Exercise brief>
Find how many lines of the listing include the string "megbízhatóság", and report only that figure.

Available data>
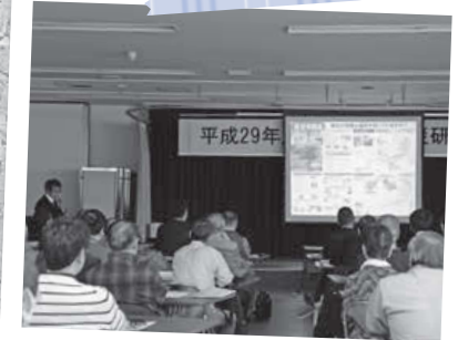
2/28 真駒内総合福祉センター 南区地域防災研修
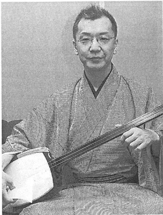
「三味線を身近に聴けるものになりたい」と話す紫文さん
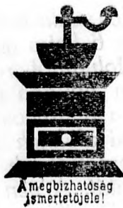
A megbízhatóság jelszeritője!

1828 óta viseli dobozán a Franck -kávépótlék a megbízhatóság jelét: a kávédarálót. Azóta is mindig, mint szemnek és száznak kedves, igazi érték szerepel ez a gyártmány a fogyasztók előtt. És méltán! Sötétebb színt, kiváló ízt és tökéletes finomzatot ad mindennapi kedves kávéitalunknak a

Reply to the task>
2